Top-freezer refrigerators tend to cost less than their French door counterparts, but that doesn't mean they have to be basic inside.
Take, for example, the Frigidaire Custom-Flex door. On the inside of the fridge door, you can hang individual shelves that include everything from a can dispenser to a narrow compartment great for loose items like string cheese or juice boxes. If you don't like how they're arranged or if you need to fit awkwardly shaped items, just slide them along the door's rails.
Want to rock out while you rummage through your fridge? The Whirlpool CoolVox can do just that thanks to built-in speakers. The fridge also offers Bluetooth connectivity, so you can connect your smartphone and play your favorite tunes, podcasts, or audiobooks.
If you'd like to get the CoolVox for your own kitchen, you can find the feature in Whirlpool's aptly named WRF991BOOM refrigerator.
Yes, you read that right: There's a fridge with a built-in ice cream maker. It's called the Beko HomeCream, and it manages to squeeze a small ice cream maker into the freezer without sacrificing the traditional ice maker.
Unfortunately, while some Beko appliances are on sale in the U.S., the HomeCream fridge won't be crossing the pond.
From the 1950s through the '80s, refrigerators came in outrageous colors—from bright pastels to muted earth tones. Today, however, it can be hard to find a fridge that adds a splash of color to your kitchen.
Italian manufacturer Smeg might be the best known example of a brand that bucks the trend of boring finishes. Its FAB28 and FAB32 fridges come in a range of bright colors and finishes—including American, Italian, and UK flags. There are even a few hand-painted models commissioned by Dolce & Gabbana—although those will cost you about as much as an average kitchen remodeling project.
Bowing to the mighty Keurig K-cup, GE built a Keurig machine into one of its refrigerators.
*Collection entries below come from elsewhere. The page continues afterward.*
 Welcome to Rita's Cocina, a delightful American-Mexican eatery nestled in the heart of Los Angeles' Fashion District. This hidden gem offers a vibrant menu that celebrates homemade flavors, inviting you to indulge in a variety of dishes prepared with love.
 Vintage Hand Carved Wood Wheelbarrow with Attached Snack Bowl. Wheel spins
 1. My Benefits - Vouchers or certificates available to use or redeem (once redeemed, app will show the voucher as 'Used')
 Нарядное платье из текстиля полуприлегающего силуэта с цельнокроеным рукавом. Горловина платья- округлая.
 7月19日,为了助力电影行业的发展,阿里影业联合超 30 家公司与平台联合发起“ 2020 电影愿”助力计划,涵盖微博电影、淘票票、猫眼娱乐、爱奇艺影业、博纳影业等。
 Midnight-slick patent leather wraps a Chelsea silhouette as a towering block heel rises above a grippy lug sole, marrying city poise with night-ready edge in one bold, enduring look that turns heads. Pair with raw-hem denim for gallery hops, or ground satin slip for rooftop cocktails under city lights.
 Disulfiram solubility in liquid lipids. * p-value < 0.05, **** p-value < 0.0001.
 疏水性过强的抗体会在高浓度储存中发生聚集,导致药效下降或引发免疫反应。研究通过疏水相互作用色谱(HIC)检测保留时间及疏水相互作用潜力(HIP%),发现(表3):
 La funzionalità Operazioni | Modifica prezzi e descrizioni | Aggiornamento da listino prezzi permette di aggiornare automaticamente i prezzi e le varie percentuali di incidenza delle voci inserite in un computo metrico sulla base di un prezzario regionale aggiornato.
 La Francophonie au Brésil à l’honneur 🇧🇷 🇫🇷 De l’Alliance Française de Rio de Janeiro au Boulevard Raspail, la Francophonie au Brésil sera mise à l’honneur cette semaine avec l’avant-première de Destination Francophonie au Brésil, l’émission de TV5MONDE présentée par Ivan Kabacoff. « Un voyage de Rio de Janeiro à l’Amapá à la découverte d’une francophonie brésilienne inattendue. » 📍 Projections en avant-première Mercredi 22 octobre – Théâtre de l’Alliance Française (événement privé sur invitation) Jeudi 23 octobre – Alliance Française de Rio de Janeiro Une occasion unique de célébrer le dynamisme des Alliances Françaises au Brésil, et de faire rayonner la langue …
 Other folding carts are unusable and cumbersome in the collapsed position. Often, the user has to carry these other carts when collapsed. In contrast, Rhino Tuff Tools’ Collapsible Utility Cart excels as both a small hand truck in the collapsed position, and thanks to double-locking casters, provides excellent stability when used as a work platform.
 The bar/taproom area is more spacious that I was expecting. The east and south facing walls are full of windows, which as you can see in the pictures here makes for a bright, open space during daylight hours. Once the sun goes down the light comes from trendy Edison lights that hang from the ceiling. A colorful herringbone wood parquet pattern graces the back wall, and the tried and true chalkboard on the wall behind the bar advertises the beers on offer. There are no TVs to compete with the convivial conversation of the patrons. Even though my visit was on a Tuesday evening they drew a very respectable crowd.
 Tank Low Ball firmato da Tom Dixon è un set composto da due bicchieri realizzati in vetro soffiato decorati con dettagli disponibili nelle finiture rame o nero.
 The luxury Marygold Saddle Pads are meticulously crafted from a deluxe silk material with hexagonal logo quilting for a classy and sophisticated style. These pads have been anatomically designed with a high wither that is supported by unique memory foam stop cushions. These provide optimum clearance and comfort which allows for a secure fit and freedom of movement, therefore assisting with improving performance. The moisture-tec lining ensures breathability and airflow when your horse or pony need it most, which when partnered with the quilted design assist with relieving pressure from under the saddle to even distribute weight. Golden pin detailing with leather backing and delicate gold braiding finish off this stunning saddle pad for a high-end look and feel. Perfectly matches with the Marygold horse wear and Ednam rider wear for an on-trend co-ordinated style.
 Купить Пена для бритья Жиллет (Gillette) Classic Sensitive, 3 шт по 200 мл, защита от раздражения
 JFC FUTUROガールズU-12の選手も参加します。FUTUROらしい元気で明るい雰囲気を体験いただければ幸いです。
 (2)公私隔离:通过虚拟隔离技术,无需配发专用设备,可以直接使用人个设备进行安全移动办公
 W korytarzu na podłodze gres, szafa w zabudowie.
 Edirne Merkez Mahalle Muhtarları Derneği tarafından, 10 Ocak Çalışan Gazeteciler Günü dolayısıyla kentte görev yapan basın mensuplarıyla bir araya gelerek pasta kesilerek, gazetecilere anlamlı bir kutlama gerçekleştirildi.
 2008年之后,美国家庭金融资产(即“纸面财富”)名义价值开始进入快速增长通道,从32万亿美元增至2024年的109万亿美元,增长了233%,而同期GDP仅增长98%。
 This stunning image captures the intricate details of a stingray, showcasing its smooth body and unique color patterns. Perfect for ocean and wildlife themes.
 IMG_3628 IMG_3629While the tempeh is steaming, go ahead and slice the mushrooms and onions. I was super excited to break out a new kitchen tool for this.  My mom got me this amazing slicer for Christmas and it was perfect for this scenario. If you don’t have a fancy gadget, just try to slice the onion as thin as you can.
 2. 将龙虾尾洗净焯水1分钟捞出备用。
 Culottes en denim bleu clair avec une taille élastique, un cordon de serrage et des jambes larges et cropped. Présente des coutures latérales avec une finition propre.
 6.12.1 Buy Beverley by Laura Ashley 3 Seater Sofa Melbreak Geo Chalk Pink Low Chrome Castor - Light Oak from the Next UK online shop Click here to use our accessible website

Keurig functionality is available in the GE Café CFE28USHSS, which will brew coffee and tea from standard K-cups in three different quantities, just like a standalone Keurig machine. Best of all, since the fridge has its own water line, you don't need to refill the water tank.
Unfortunately, the feature isn't perfect: It takes longer to heat up water than a traditional Keurig machine (about 4 minutes). However, it is now compatible with Amazon's Alexa personal assistant. That means you can simply ask your fridge to make you a cup of coffee.